L’altro giorno stavo chiacchierando con un bravo responsabile di punto vendita di un’insegna milanese. L’argomento erano le difficoltà a motivare la squadra di questi tempi, i giovani che faticano ad accettare questo tipo di lavoro come mai in passato e la presenza di dimissioni più marcate rispetto a qualche tempo fa. Lamentava che il cosiddetto “cliente interno” non fosse affatto una priorità da gestire per nessuno. Al di là dei proclami delle singole insegne. Una sua battuta mi ha fatto però riflettere. In tempi di inflazione, di rinnovi di contratto nazionale rinviati, di congruità o meno dei salari non c’è molta sobrietà nelle dichiarazioni delle insegne stesse. Capisco l’esigenza di molti manager o piccoli imprenditori di veder confermato il loro ottimo lavoro sottolineando i risultati 2022 e le premesse 2023 come titolo di merito personale o delle loro squadre. In tempi di inflazione occorrerebbe non dimenticare mai il contesto economico sociale nel quale quei risultati vengono raggiunti. “Clienti interni” e dinamiche economiche e politiche del Paese compresi.
C’è in atto un braccio di ferro con la filiera a monte sulle responsabilità degli aumenti dei prezzi, c’è un’interlocuzione con il Governo per ottenere qualche utile sostegno in tema di riduzione del cuneo fiscale, i consumatori sono perplessi e indecisi con chi prendersela per gli aumenti e il comparto è sotto attacco per la sua evidente insensibilità sociale. In questo contesto sottovalutare il proprio ruolo e le conseguenti responsabilità nei confronti dei propri collaboratori non segnala lungimiranza. Difficile tenere su due piani distinti i propri risultati e la tutela dei propri clienti da una parte con le conseguenze economiche che coinvolgono l’insieme dei propri collaboratori.
Seppure nelle stime preliminari, nel mese di giugno 2023, l’indice nazionale dei prezzi al consumo registra una variazione nulla su base mensile e un aumento del 6,4% su base annua, da +7,6% del mese precedente, la situazione è ben evidenziata dal recente lavoro del Centro Studi di Confindustria. Il costo dei generi alimentari è salito dell’11,4% medio (26% nel quintile più basso) mentre quello dei ristoranti del 6,5% (dato Centro Studi Confindustria https://bit.ly/3NrI4fp). Si segnala una forte riduzione della spesa delle famiglie: -3,7% nel 2022 e -8,7% nel quarto trimestre del 2022 rispetto al primo del 2021. Una “zavorra” per i consumi totali, considerando che la spesa alimentare vale il 14% di quella complessiva, seconda solamente a quelle per l’abitazione (comprensiva di bollette).

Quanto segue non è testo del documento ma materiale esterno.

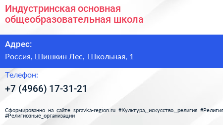 Индустринская основная общеобразовательная школа по адресу Индустринская общеобразовательная школа, Центральная улица, Индустрия, городской округ Коломна, Московская область, Центральный федеральный округ, 140474, Россия в дальнейшем Организация, размещена в следующих категориях:

Si può ipotizzare anche un effetto reddito, con le famiglie meno abbienti che hanno accumulato meno risparmi e ora subiscono una maggiore erosione del reddito reale, con un impatto soprattutto sui consumi alimentari.
La corda potrebbe spezzarsi presto e la percezione generale gioca tutta a sfavore del comparto. Carlo Bonomi, Presidente di Confindustria, lo ha appena dichiarato. “la manifattura ha visto il MOL diminuire del 5% dal 2019 ma i salari sono cresciuti del 5%. Il disequilibrio viene dal Commercio e dal comparto delle costruzioni.” Ovviamente quando si parla di Commercio in generale, la Grande Distribuzione è la prima a finire sul banco degli accusati visto che il piccolo commercio, la ristorazione e il turismo durante la pandemia hanno preso una serie di “sberle” che, comunque andranno le cose, cambieranno i connotati di quei settori.